Although this model behaves well with your training data, it’s incapable of generalizing to new data that doesn’t follow the memorized patterns in the training data, aka being incapable of predicting the correct way with new data that is slightly different from the data seen during training.

The one in the middle finds the sweet spot, as even though it will have some mistakes (like the circle that is on the wrong side of the border) the model has still realized that data points close to the bottom-left side of the graph are usually circles (which is palpably true and it’s a good pattern to learn).

And the real question is, where do LLMs land in this?

The Sweetest Spot

It’s hard to define, but one could make the case that they are heavily underfitted.

The reason for this is that most LLMs can be considered foundation models, models that have reached a point where they are capable of deep generalization, even at data and tasks like nothing they have seen before!

In other words, they tend to have low variance, meaning that they are well-responsive to many different changes. Read here for an in-depth yet digestible explanation of what foundation models are. This is easily understood if we think about the human language.

It’s almost guaranteed that the way you and I communicate with ChatGPT, or any other LLM, will be very, very different. Still, the model responds similarly to similar requests, no matter the format they have been received.

However, saying that LLMs are underfitted could be misinterpreted, because that could be understood as saying that they don’t predict things as they should. However, even though they are low variance, they still have pretty low bias too, allowing them to be useful most of the time.

What’s more, although I’ve not seen anyone claim this, foundation models could be the first time we have actually had a low variance/low bias AI model. However, it’s safe to say that in the variance/bias spectrum, they are generally low variance and low bias, although they can exhibit high bias (when performing poorly in certain tasks) and high variance in many cases (especially when fine-tuned to very specific tasks too much).

But why?

Well, because even after having managed to learn the distribution of language, which is one of the hardest functions one could approximate, LLMs are still massively underutilized in practice.

In other words, out of the billions of parameters they have, only a small fraction (a very, very small one in some cases) actually run for a certain prediction.

This is the reason why researchers these days run many more epochs of the data (entire runs over the training data) to improve model performance and still not going anywhere near to overfitting the model (unless the data is too specific).

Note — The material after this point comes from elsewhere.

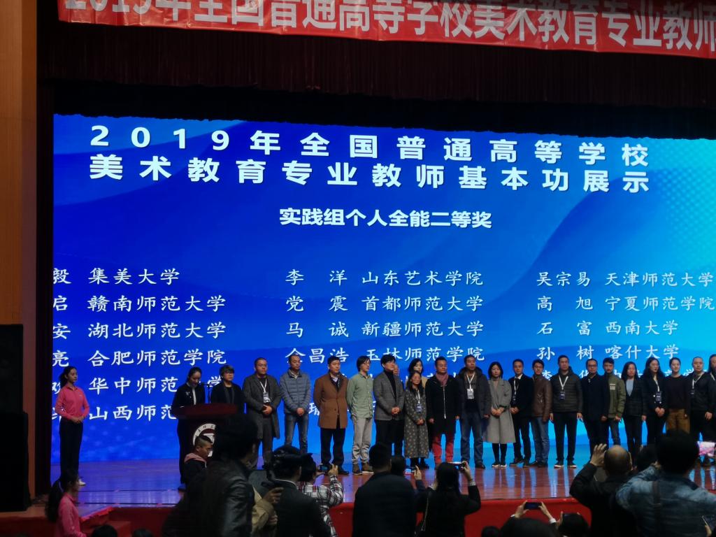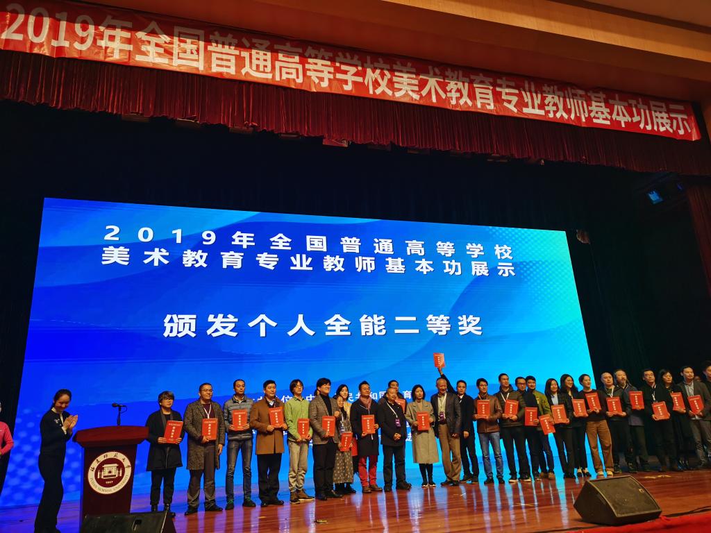 2019年全国普通高校美术专业教师基本功展示分为实践组和理论组两个组别,每组分设教学展示、专业能力展示、经典作品赏析三个项目。在本次展示活动中,艺术传媒学院代表队教师取得了良好成绩,胡亮老师获得实践组个人全能二等奖、实践组专业能力展示单项奖,马晴老师获得理论组经典作品赏析单项奖,韩岩岩老师获得实践组教学展示单项奖。同时,艺术传媒学院代表队老师与兄弟院校开展了更广泛、更深入的交流研讨,对探索构建更高水平的美术学专业人才培养体系,培养合格的德智体美劳全面发展的社会主义建设者和接班人提供了很好的借鉴。(艺术传媒学院 胡亮)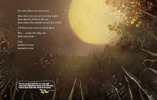 This book is absolutely beautiful. A perfect mix of poetic text, gorgeous illustrations, and factual information is a win-win all around. As I read, I felt as if I were in the middle of this amazing cloning phenomenon of Aspen trees. It takes a special writer to pull a young reader into non-fiction, and Ms. Fox has done that brilliantly. The lovely illustrations by Turine Tran perfectly complement the text, and for a while, the reader is not reading facts but is experiencing wonder. There are so many layers to this book including a call to action to help protect Pando. I highly recommend this book.

Consequently, even though you run the entire network for every single prediction, only a small set of neurons actually matter in each prediction, making the process incredibly inefficient.

Still, they are the best models we have today, period.

Still a Trade-off, Much Less of a Problem

In this post we have reflected on one of the most complex tasks in AI today, finding the sweet spot between bias and variance. Thanks to foundation models, this trade-off is much less of a problem these days.

However, even our most powerful models can still suffer the effects of the trade-off, mainly:

Overfitting Risks: When fine-tuning on small or highly specific datasets, there is a risk of overfitting, which could increase variance if not managed properly.
Hallucination and Errors: LLMs can still make errors, such as generating plausible but incorrect or fictional information (hallucinations), especially in tasks requiring high factual accuracy.
Computation and Resource Intensity: The training and deployment of LLMs require significant computational resources, which can be a barrier in terms of accessibility and cost.

Thus, it’s still very relevant to keep this trade-off very much top-of-mind whenever you are faced with the challenge of building an AI system.